Ethical Hacking News
Malicious campaigns involving malware loaders, software vulnerabilities, and social engineering tactics are targeting global systems, highlighting the ongoing need for robust cybersecurity measures.
Malicious campaigns have been spotted compromising global systems, including those used by governments, businesses, and individuals.The "New Loaders Fuel Stealer Campaigns" uses RenEngine and Foxveil malware loaders to deliver next-stage payloads and deploy information stealers called ACR Stealers.A critical vulnerability has been disclosed in Google Looker, which could be exploited by an attacker to fully compromise a Looker instance.Malicious actors are exploiting vulnerabilities in networking infrastructure, such as the "Trojanized 7-Zip Spreads Proxyware" campaign.AI-generated tools are being used by threat actors to expand their reach and capabilities, including the "0APT Victim Claims Questioned" campaign.Weaknesses in telnet traffic have been exploited, with a critical flaw in the GNU InetUtils telnet daemon allowing for authentication bypass.New malware campaigns, such as the "Node.js Stealer" and "LTX Stealer," are emerging to target Windows systems and conduct large-scale credential harvesting.Threat actors are using social engineering tactics to compromise Telegram accounts through native authentication workflows.

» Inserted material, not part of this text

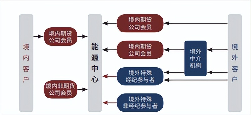 注:黑色箭头表明交易、结算、交割。红色箭头表明直接入场交易,但境外特殊参与者须通过境内期货公司 会员进行结算、交割。

The digital landscape continues to evolve at an unprecedented rate, with threat actors continually seeking ways to exploit vulnerabilities in systems, networks, and software. In recent months, a variety of malicious campaigns have been spotted, compromising the security of global systems, including those used by governments, businesses, and individuals.
One such campaign that has garnered significant attention is the "New Loaders Fuel Stealer Campaigns," which involves the use of RenEngine and Foxveil malware loaders. These loaders have been used to deliver next-stage payloads, with the ultimate goal of deploying information stealers called ACR Stealers. According to Cyderes, the attackers behind these malicious loaders are attempting to mimic normal application behavior by embedding a modular, stealth-focused second-stage loader inside legitimate Ren'Py launchers. This makes it more challenging for security professionals to detect and remove the malware.
Another critical vulnerability has been disclosed in Google Looker, which could be exploited by an attacker to fully compromise a Looker instance. The vulnerabilities, tracked as CVE-2025-12743, are related to remote code execution (RCE) chains via Git hook overrides and authorization bypass flaws via internal database connection abuse. Successful exploitation of these flaws could allow an attacker to run arbitrary code on the Looker server, potentially leading to cross-tenant access and exfiltration of sensitive data.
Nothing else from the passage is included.